What is needed = Once the pictures are set aside, output all the records exactly.

BEGIN

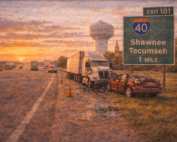 Car wrecks are among the most common cases we handle for Shawnee clients. I-40 through northern Shawnee sees significant commercial traffic, and accidents near the Harrison Street, Kickapoo Street, and Shawnee Mall Drive interchanges are a consistent source of serious injury claims in this corridor. Truck accidents along I-40 through Pottawatomie County can be catastrophic — involving commercial carriers, logistics companies, and insurance teams that move quickly to limit liability after a crash. Slip and fall injuries happen regularly at Shawnee Mall, retail locations along Harrison Street and Federal Street, grocery stores throughout the city, and at the Heart of Oklahoma Expo Center during events.
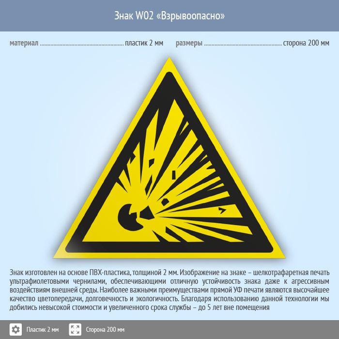 Знак W02 «Взрывоопасно» (пластик, сторона 200 мм) в Твери купить
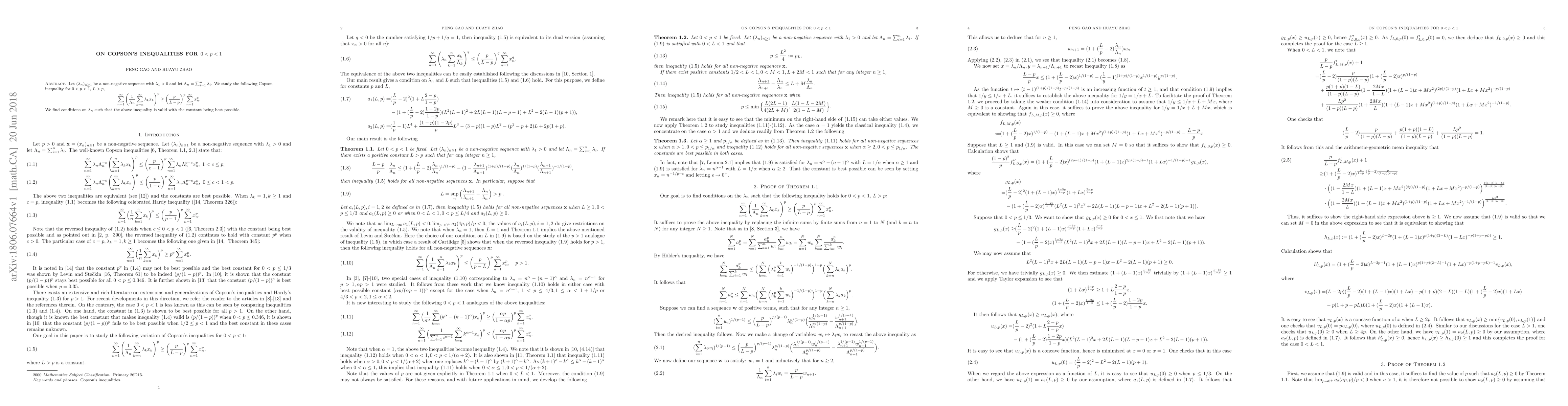 Let $(\lambda_n)_{n \geq 1}$ be a non-negative sequence with $\lambda_1>0$ and let $\Lambda_n=\sum^n_{i=1}\lambda_i$. We study the following Copson inequality for $0
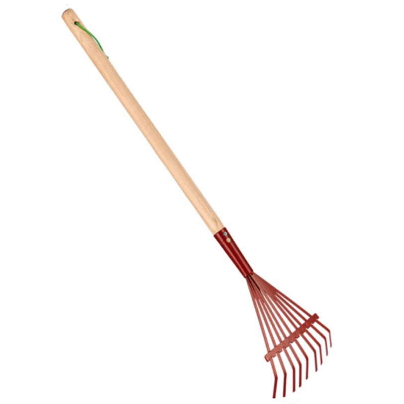 This child-size Kids Garden Leaf Rake(70cm long, 14cm wide) is designed for independent outdoor play and gardening activities. It features a durable powder-coated metal head and a comfortable wooden handle, perfectly sized for young hands. Complies with EU/US toy safety standards.
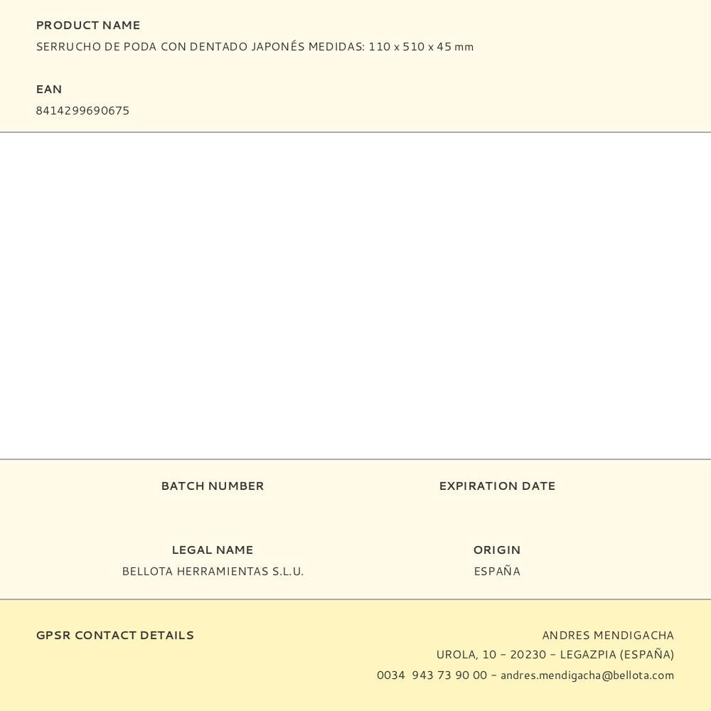 SERRUCHO DE PODA CON DENTADO JAPONÉS MEDIDAS: 110 x 510 x 45 mm
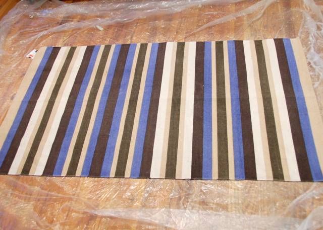 Well. I'm sort of working on my laundry room, but not really working on my laundry room right now. And since I'm not a fan of financing my decorating whims with credit cards, my laundry room budget is pretty much nonexistant right now. So when I found a flatweave rug on clearance at Target last week, I decided to try this rug painting business that's circling the blog world.
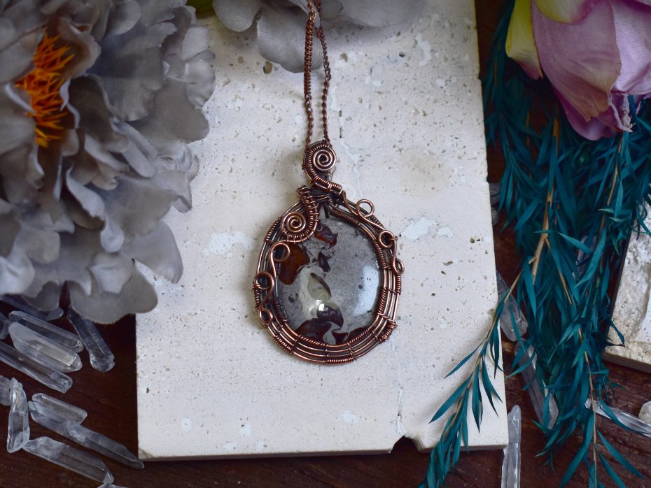 Miedziany wisiorek wykonany techniką wire wrapping, ozdobiony jaspisem Coffee Bean – kamieniem o charakterystycznym wzorze przypominającym ziarna kawy, w ciepłych odcieniach brązu, beżu i kremu. Jaspis ten uznawany jest za kamień stabilizacji i ugruntowania, wspierający poczucie bezpieczeństwa, wytrwałość oraz wewnętrzny spokój. Pomaga zachować równowagę emocjonalną, wzmacnia cierpliwość i sprzyja harmonijnemu podejściu do codziennych wyzwań. Połączenie naturalnej struktury kamienia z ręcznie formowanym miedzianym oplataniem tworzy spójną, organiczną kompozycję, podkreślającą surowe piękno minerału. Wisiorek doskonale sprawdzi się jako wyjątkowy amulet dla osób ceniących rękodzieło, naturalne materiały i niepowtarzalny charakter biżuterii.
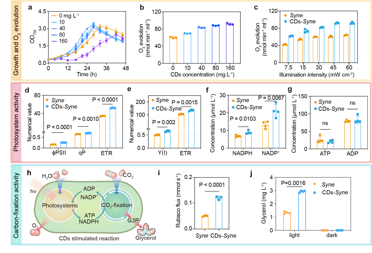 圖2:碳量子點材料提高了藍細菌的光合作用效率
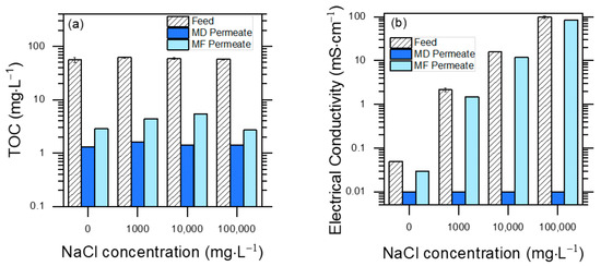 Separation performance measured with membrane-based pre-treatment filtrations, with different synthetic PW solutions. Note the logarithmic scales on both Y axes, due to very high differences in TOC values between feed and permeates, and in electrical conductivity among different feeds. (a) TOC values of feed and permeate solutions for both MD and MF treatments. Feed TOC variability is an index of reproducibility of measurements (TOCo = 58 ± 6 mg L−1 (μ ± σ)). (b) Conductivity of feed and permeate solutions for both MD and MF treatments. Conductivity values varied from 10 to over 100,000 μS cm−1.
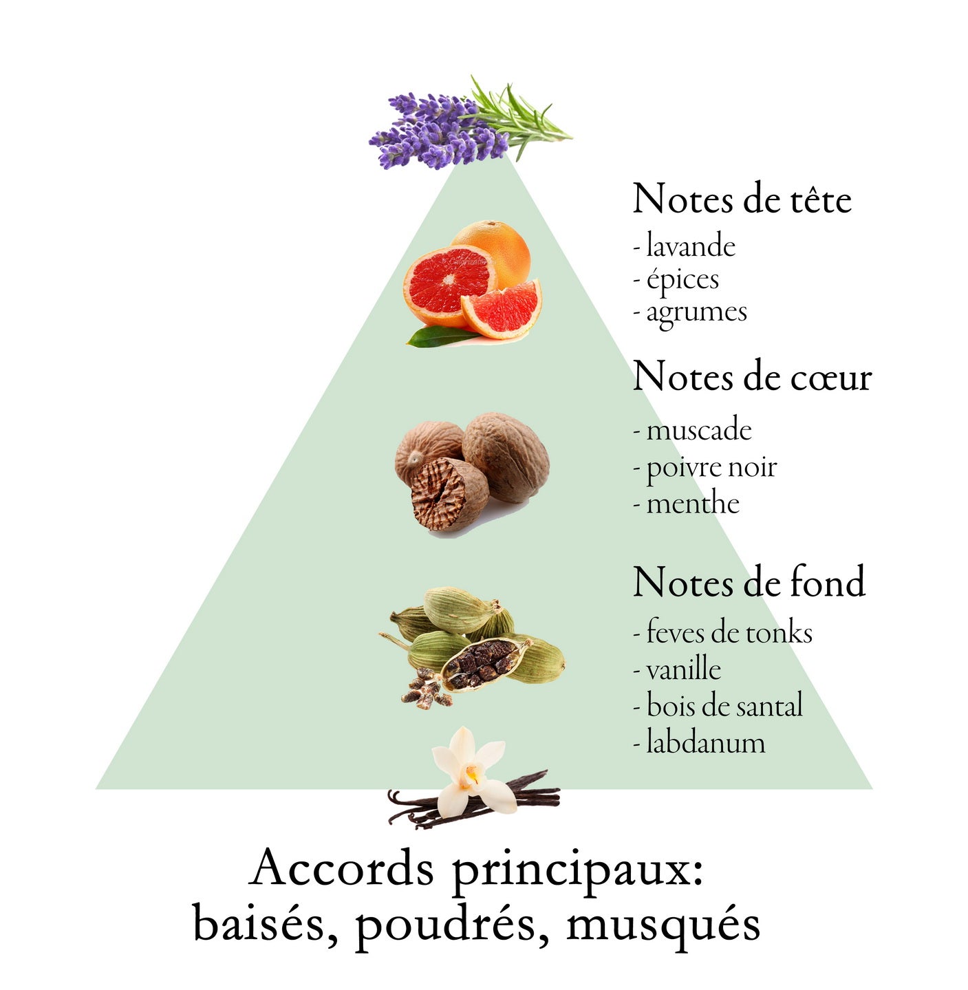 Notes de cœur : muscade, poivre noir, menthe.
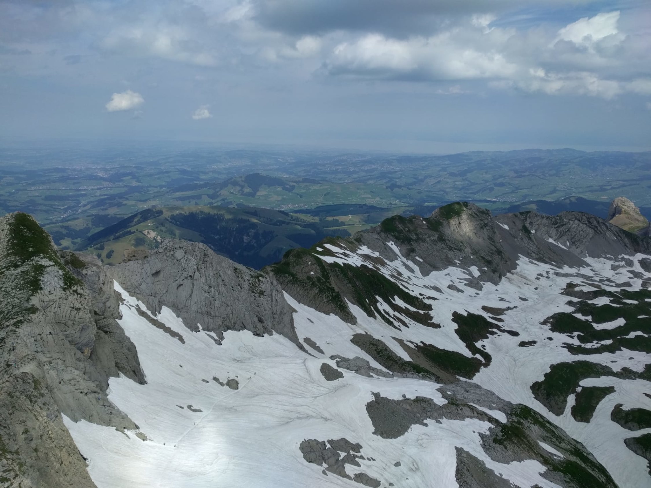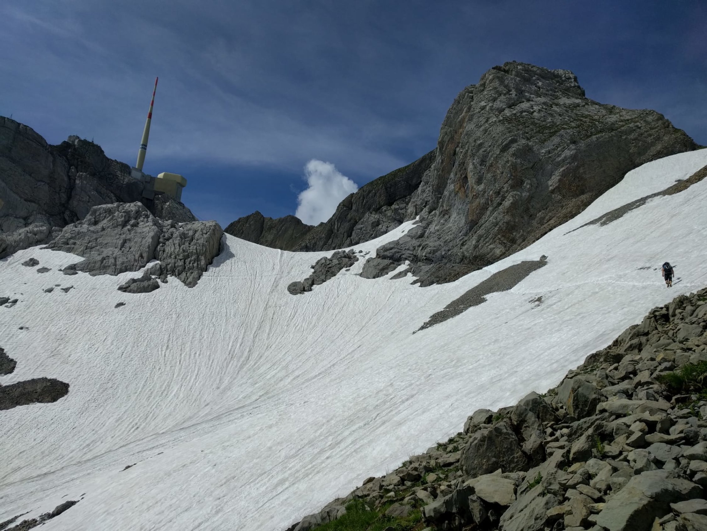 Start um 7:00 auf der Schwägalp, ganze Strecke trocken, bis zu den Nasenlöchern nicht ausgesetzt, die Kraxelei nachher erfordert meines Erachtens dann aber schon volle Aufmerksamkeit und Bergerfahrung, Ausrutschen definitiv verboten. Der Zustieg zum Öhrli ist schlüssig und für Schwindelfreie technisch einfach. Yours truly hat auf die Hilfe der flotten Bergführerin (merci D.) zurückgegriffen und es so doch auch noch auf den Gipfel geschafft :-) Nachher unschwierig über Rossegg und Girenspitzsattel/Himmelsleiter auf den Seentis.
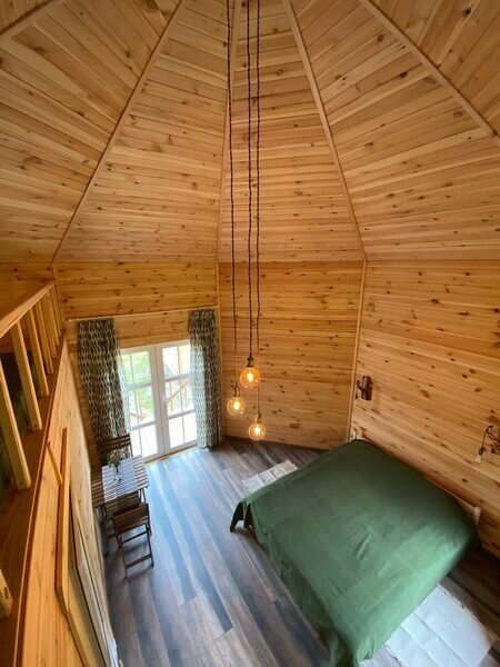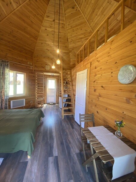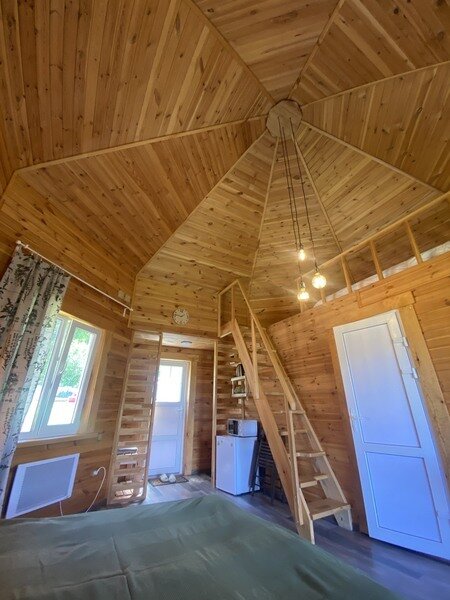 Домик в стиле алтайского аила подарит вам единение с природой, глубокий спокойный сон под куполом в 5,5 метров и и пробуждение под пение птиц.
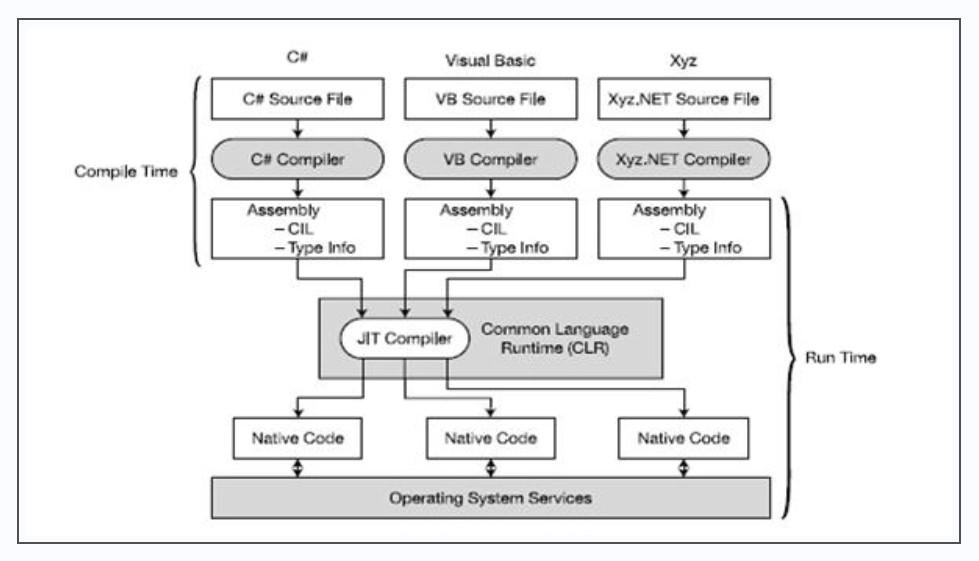 Biên dịch và thực thi trong .Net: Các ứng dụng viết bằng ngôn ngữ được hỗ trợ bởi .Net sẽ được trình trình biên dịch tương ứng chuyển đổi thành ngôn ngữ trung gian (Đươc gọi là MSIL(Microsoft Intermediate Language) hoặc CIL(Common Intermediate Language) hoặc IL(Intermediate Language)) cùng với metadata của nó (Chứa các thông tin về class, method, các trường dữ liệu, thông tin runtime, etc. ) và chúng được lưu trữ trong file assembly (.dll hoặc .exe), khi chạy ứng dụng .Net thì CLR nó lấy assembly và sử dụng trình biên dịch JIT để chuyển đổi assembly đó (Tức là chuyển đổi CIL) thành mã máy và sau đó CPU trên máy của bạn sẽ thực thi mã máy đó. Hình dưới đây thì "Compile Time" là quá trình "built", "Run time" là quá trình chạy (Quá trình này bắt đầu từ khi bạn khởi động ứng dụng của mình).

END

Solution to the problem =
 Car wrecks are among the most common cases we handle for Shawnee clients. I-40 through northern Shawnee sees significant commercial traffic, and accidents near the Harrison Street, Kickapoo Street, and Shawnee Mall Drive interchanges are a consistent source of serious injury claims in this corridor. Truck accidents along I-40 through Pottawatomie County can be catastrophic — involving commercial carriers, logistics companies, and insurance teams that move quickly to limit liability after a crash. Slip and fall injuries happen regularly at Shawnee Mall, retail locations along Harrison Street and Federal Street, grocery stores throughout the city, and at the Heart of Oklahoma Expo Center during events.
 Знак W02 «Взрывоопасно» (пластик, сторона 200 мм) в Твери купить
 Let $(\lambda_n)_{n \geq 1}$ be a non-negative sequence with $\lambda_1>0$ and let $\Lambda_n=\sum^n_{i=1}\lambda_i$. We study the following Copson inequality for $0
 This child-size Kids Garden Leaf Rake(70cm long, 14cm wide) is designed for independent outdoor play and gardening activities. It features a durable powder-coated metal head and a comfortable wooden handle, perfectly sized for young hands. Complies with EU/US toy safety standards.
 SERRUCHO DE PODA CON DENTADO JAPONÉS MEDIDAS: 110 x 510 x 45 mm
 Well. I'm sort of working on my laundry room, but not really working on my laundry room right now. And since I'm not a fan of financing my decorating whims with credit cards, my laundry room budget is pretty much nonexistant right now. So when I found a flatweave rug on clearance at Target last week, I decided to try this rug painting business that's circling the blog world.
 Miedziany wisiorek wykonany techniką wire wrapping, ozdobiony jaspisem Coffee Bean – kamieniem o charakterystycznym wzorze przypominającym ziarna kawy, w ciepłych odcieniach brązu, beżu i kremu. Jaspis ten uznawany jest za kamień stabilizacji i ugruntowania, wspierający poczucie bezpieczeństwa, wytrwałość oraz wewnętrzny spokój. Pomaga zachować równowagę emocjonalną, wzmacnia cierpliwość i sprzyja harmonijnemu podejściu do codziennych wyzwań. Połączenie naturalnej struktury kamienia z ręcznie formowanym miedzianym oplataniem tworzy spójną, organiczną kompozycję, podkreślającą surowe piękno minerału. Wisiorek doskonale sprawdzi się jako wyjątkowy amulet dla osób ceniących rękodzieło, naturalne materiały i niepowtarzalny charakter biżuterii.
 圖2:碳量子點材料提高了藍細菌的光合作用效率
 Separation performance measured with membrane-based pre-treatment filtrations, with different synthetic PW solutions. Note the logarithmic scales on both Y axes, due to very high differences in TOC values between feed and permeates, and in electrical conductivity among different feeds. (a) TOC values of feed and permeate solutions for both MD and MF treatments. Feed TOC variability is an index of reproducibility of measurements (TOCo = 58 ± 6 mg L−1 (μ ± σ)). (b) Conductivity of feed and permeate solutions for both MD and MF treatments. Conductivity values varied from 10 to over 100,000 μS cm−1.
 Notes de cœur : muscade, poivre noir, menthe.
 Start um 7:00 auf der Schwägalp, ganze Strecke trocken, bis zu den Nasenlöchern nicht ausgesetzt, die Kraxelei nachher erfordert meines Erachtens dann aber schon volle Aufmerksamkeit und Bergerfahrung, Ausrutschen definitiv verboten. Der Zustieg zum Öhrli ist schlüssig und für Schwindelfreie technisch einfach. Yours truly hat auf die Hilfe der flotten Bergführerin (merci D.) zurückgegriffen und es so doch auch noch auf den Gipfel geschafft :-) Nachher unschwierig über Rossegg und Girenspitzsattel/Himmelsleiter auf den Seentis.
 Домик в стиле алтайского аила подарит вам единение с природой, глубокий спокойный сон под куполом в 5,5 метров и и пробуждение под пение птиц.
 Biên dịch và thực thi trong .Net: Các ứng dụng viết bằng ngôn ngữ được hỗ trợ bởi .Net sẽ được trình trình biên dịch tương ứng chuyển đổi thành ngôn ngữ trung gian (Đươc gọi là MSIL(Microsoft Intermediate Language) hoặc CIL(Common Intermediate Language) hoặc IL(Intermediate Language)) cùng với metadata của nó (Chứa các thông tin về class, method, các trường dữ liệu, thông tin runtime, etc. ) và chúng được lưu trữ trong file assembly (.dll hoặc .exe), khi chạy ứng dụng .Net thì CLR nó lấy assembly và sử dụng trình biên dịch JIT để chuyển đổi assembly đó (Tức là chuyển đổi CIL) thành mã máy và sau đó CPU trên máy của bạn sẽ thực thi mã máy đó. Hình dưới đây thì "Compile Time" là quá trình "built", "Run time" là quá trình chạy (Quá trình này bắt đầu từ khi bạn khởi động ứng dụng của mình).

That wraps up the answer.